That's a very intriguing read, thank you.
I think I've worked out why I'm responding so badly to all the "if you love someone, you always do x and never do y" stuff. First of all, flawed humans don't become perfect humans just because they're in love. It's not a magic mathematical formula that always causes A and prevents Y. Second, I had a boyfriend years ago whom I absolutely worshipped....loved him beyond words. And I struggled because I was hesitant about marrying him. But if you love someone, don't you marry them? Don't you commit? Love must look like this or else it's nor love, surely?

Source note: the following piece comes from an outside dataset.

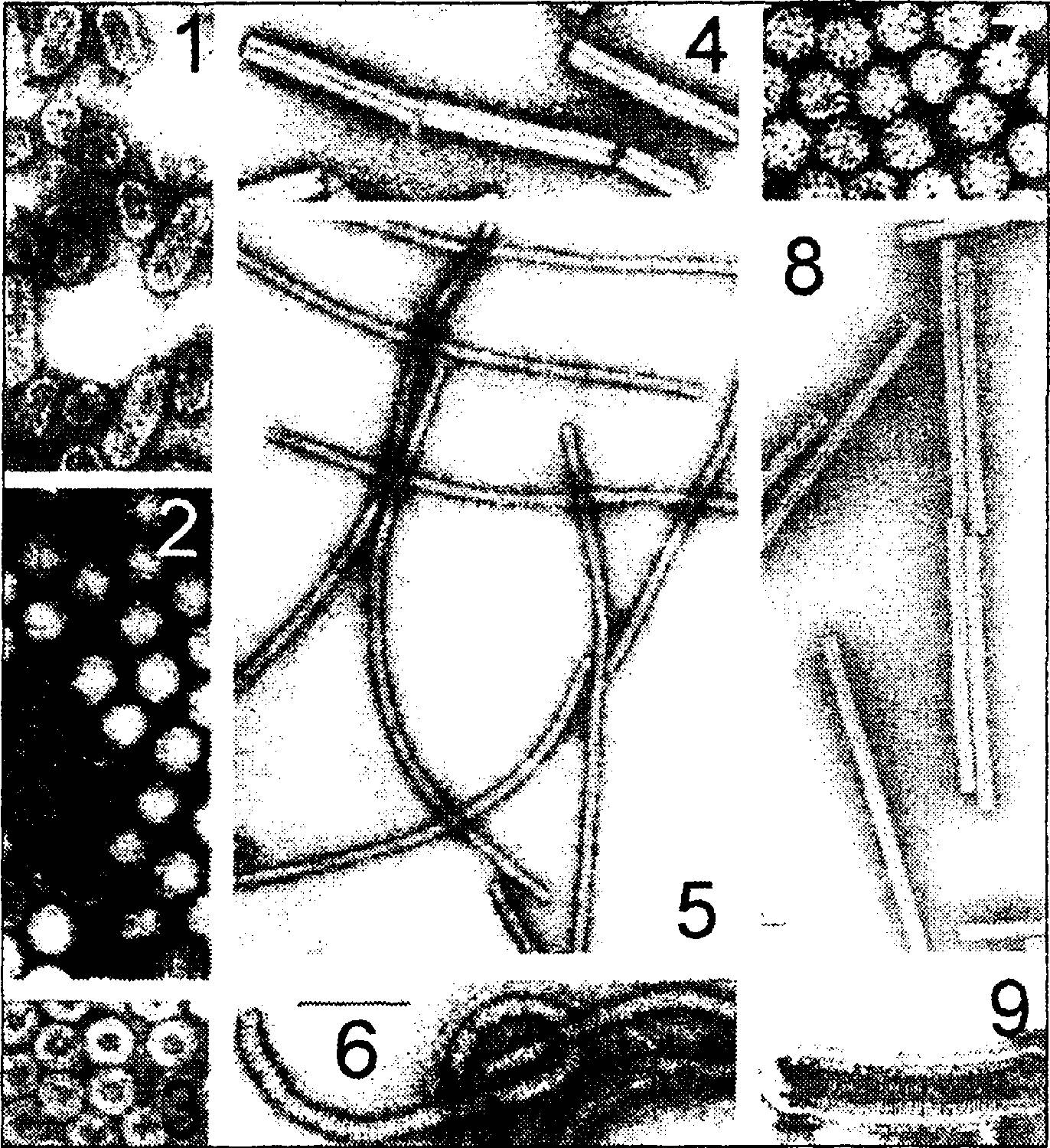Так выглядят под электронным микроскопом некоторые вирусы растений. 1 – Вирус мозаики люцерны. Вирус один, а частицы разные. 2 – Вирус кольцевой пятнистости малины. Многие вирусные частицы пустые. 3 – Вирус мозаики цветной капусты. 4 – Вирус погремковости табака – короткие и длинные палочки. Хорошо виден внутренний канал. 5 – Нитевидные частицы вируса М картофеля. 6 – Нитевидные частицы вируса желтухи свеклы. Хорошо видна поперечная исчерченность вирусной частицы. 7 – Вирус кустистой карликовости томатов. 8 – Палочковидные частицы вируса табачной мозаики. 9 – Рабдовирус морщинистости земляники.

I loved him, but I also knew that there were parts of his character that were incompatible with the life I wanted, and had I stayed I would have loved him but been miserable. Eventually, I suspect, I would have ended up hating him. I actually couldn't bear for a love like that to turn to hate. I preferred to do exactly what a person who's madly in love isn't supposed to do and end the relationship. I broke both our hearts but I did the right thing. We each married people with whom we are far more compatible and we think fondly of each other...no messy, angry feelings from a horrid divorce. Of course, I now know that people who love each other say goodbye every day, for all sorts of reasons, but at the time it was a revelation. Love is complex, it's messy, it's not prescriptive and it doesn't dictate that X must happen and Y never can.
Once again, this doesn't make cheating OK nor oblige anyone to forgive it. But I can't get behind this idea that if you fail, it must mean, without exception, that you don't love your spouse and don't give a shit about them. That's as silly as the idea that everyone, without exception, cheats.